Paul Gregory | 13 March 2012
There is a lot of talk about Windows 8, the new Metro user interface. I think it is important to say right at the beginning you cannot make the changes Microsoft are looking at without breaking a few eggs. These changes are going to affect more people than maybe any other single change in the history of the world. Will people like it? ‘YES’ some will. Will people hate it? ‘YES’ some will. There will also be a majority that will sit in the middle because the OS is not important it is their applications they care about.
The loudest shouters on the Internet are talking about Metro and how it is designed for touch and not mouse and therefore makes it unusable on computers without a touch interface.
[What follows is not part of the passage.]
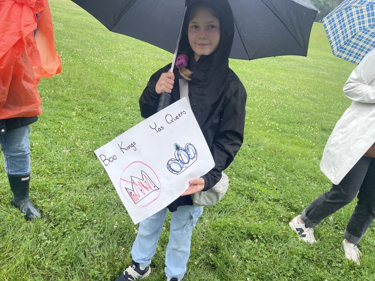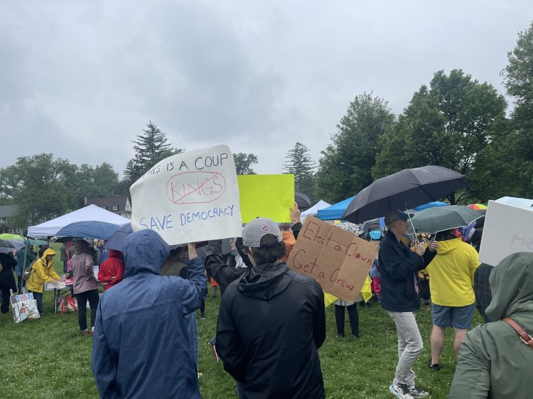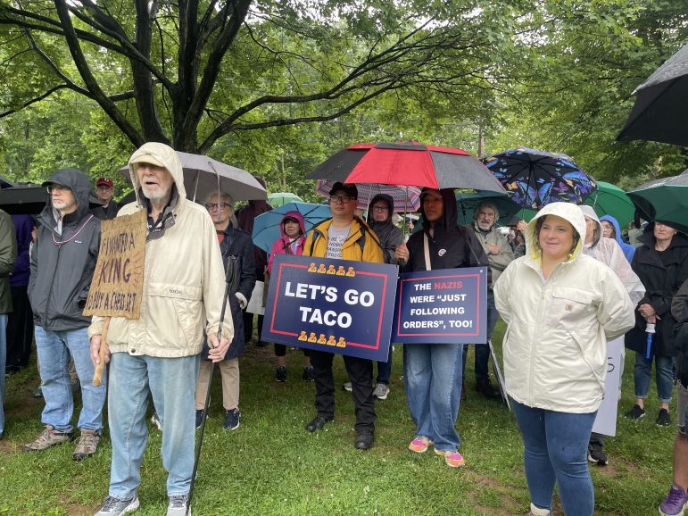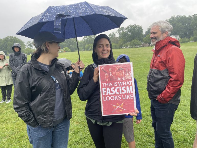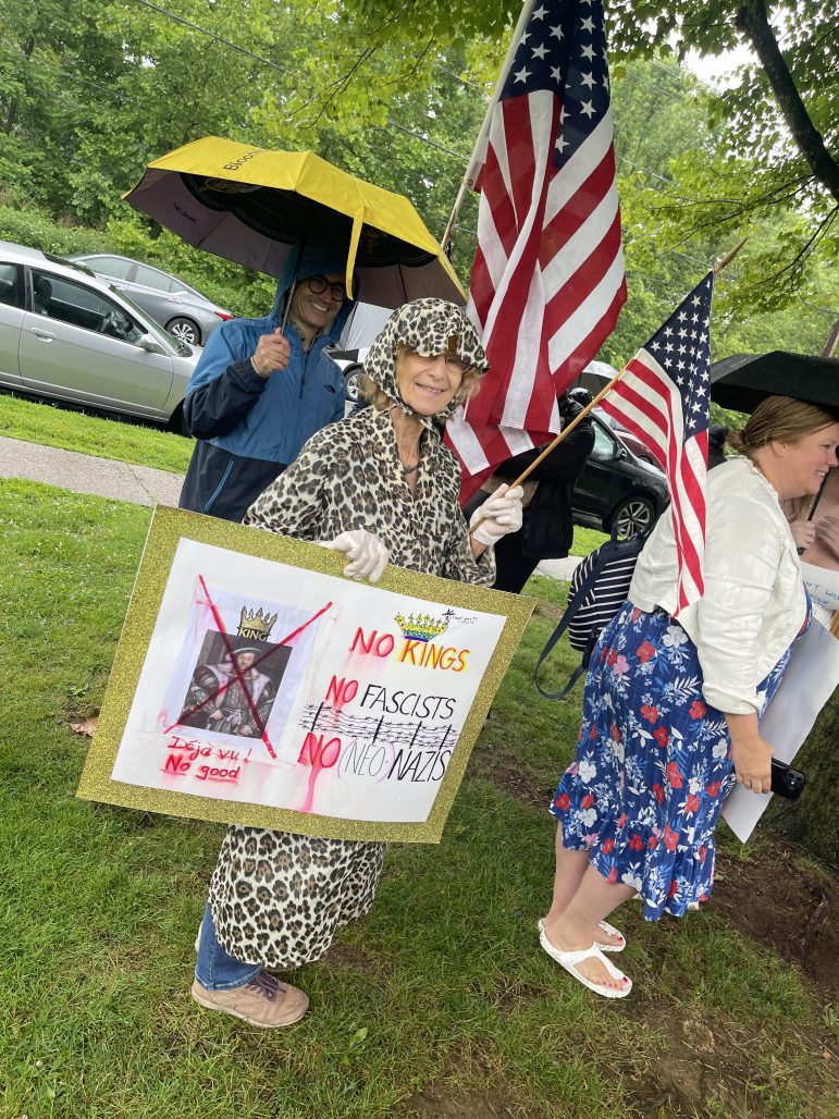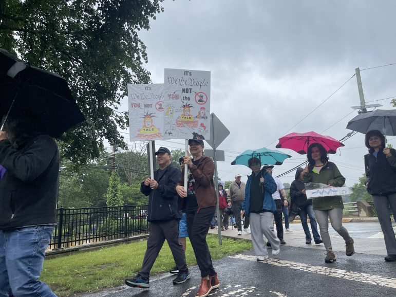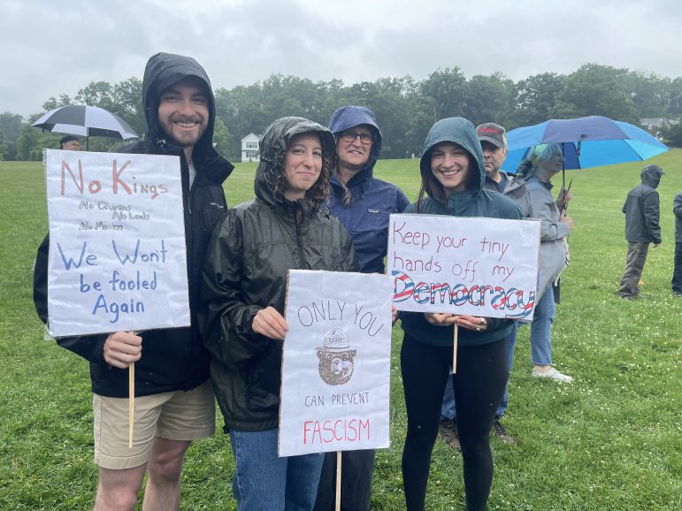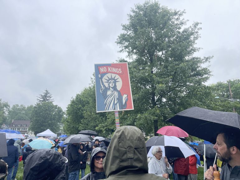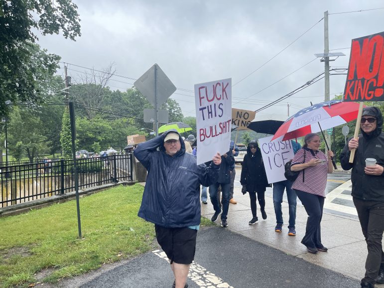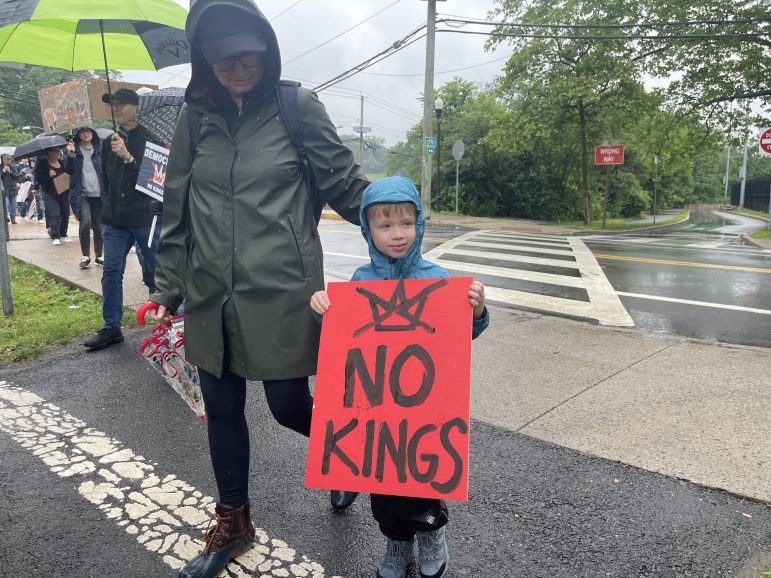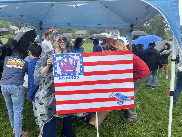 Hundreds gathered in the rain at Flood’s Hill in South Orange to march through Cameron Field and up South Orange Avenue on Saturday, June 14, for the “No Kings” protest against authoritarianism.

I find this view very interesting for several reasons:
- This view is either been produce from people that used the developer preview version (which was not user optimized)
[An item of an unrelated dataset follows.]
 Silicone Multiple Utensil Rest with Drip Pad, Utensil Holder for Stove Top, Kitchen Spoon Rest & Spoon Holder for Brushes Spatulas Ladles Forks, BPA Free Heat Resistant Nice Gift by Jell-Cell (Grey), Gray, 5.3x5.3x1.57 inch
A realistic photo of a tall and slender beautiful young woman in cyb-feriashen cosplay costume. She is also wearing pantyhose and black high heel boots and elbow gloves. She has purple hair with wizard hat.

- It has been tested by IT Pros and they do not use computers the same way as users
- The sheep are all back again and are just repeating what somebody else has said
- We have forgotten what users do
It seems people have forgotten the primary functions for operating systems and how standard users (who are the very significant majority) use and interact with said operating system. For most users they need a platform that allows them to launch and use the applications. Metro does this as well if not better than a standard Windows desktop. When a user logs into an OS all they really want to do next is launch their application(s) to start working. Under a traditional Windows desktop that means either multiple clicks to navigate a menu or two or searching for those tiny, boring, unanimated, non-configurable icons on the desktop. With Windows 8 the 'Desktop' is clean bright and big so the user once signed in will just click the icon to launch the application(s) they require, much simpler. In time extra value will become available as the users applications become Metro apps, the icons will start to become active and this then might change the order the user chooses to start their applications, because the icons can alert them to what needs to be looked at first. This is an alternative to today as the user has to start each application in turn to work out what is needed to be done first.
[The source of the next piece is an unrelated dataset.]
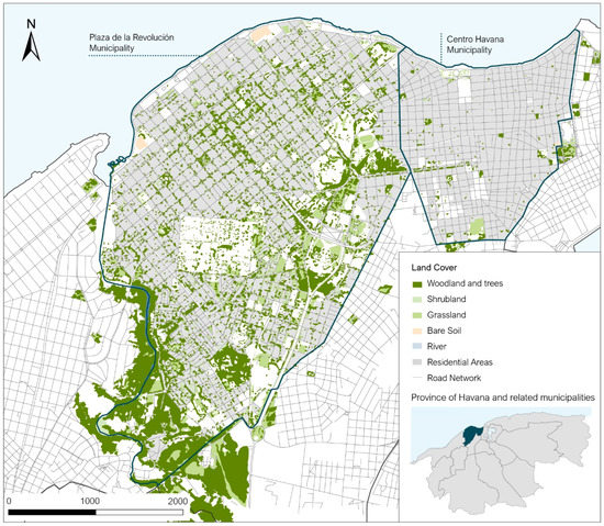 Acknowledging the importance of fine-scale assessment of highly heterogeneous and fragmented urban environments [30], we limit our assessment to two municipalities of the city, “Plaza de la Revolución” and “Centro Havana” in the northwest coastal area (Figure 1). These municipalities have clear differences concerning the urban morphology and population density (Table 1). Centro Havana, with the densest population in the country, was built in the 18th century after a densification process outside the walls of the historical city, resulting in a compact urban structure with the scarce presence of green spaces [31]. When the economic situation was buoyant after the First World War, immigrants with limited resources settled in Centro Havana, where the classical mansions were subdivided into single-rooms with shared bathroom and sanitary facilities in a common courtyard [32]. Currently, Centro Havana is one of the city’s municipalities with a major concentration of vulnerable population that are living in substandard housing or slum units, despite their having access to the same education, health care, job opportunities and social security as those who live in privileged neighborhoods [33]. On the contrary, Plaza de la Revolución, adjacent to Centro Havana, starts its urbanization in the 19th century to accommodate the sugar-plantation aristocracy and the middle-class from Centro Havana that were seeking a healthier environment [31,32]. Its urban morphology is characterized by a regular grid defined by tree-lined avenues, green verges, parterres and house gardens, while public green spaces replace entire blocks within the grid. Moreover, the metropolitan park of the city is located along the south-west limits of the municipality and the riverbank of the Almendares’ river.

Will the UI evolve, I am sure it will and new navigation features will be added. For system administrators there is a learning curve but again the Consumer Preview version has moved the navigation on a long way and to be honest the key element with Windows 8 navigation for IT Pros will be search. I have been telling people since the release of Windows 7 use search do not navigate, and Windows 8 will confirm that view even more. But today for users the interface works really well and reduces what the user has to do for everyday operations with both touch and mouse.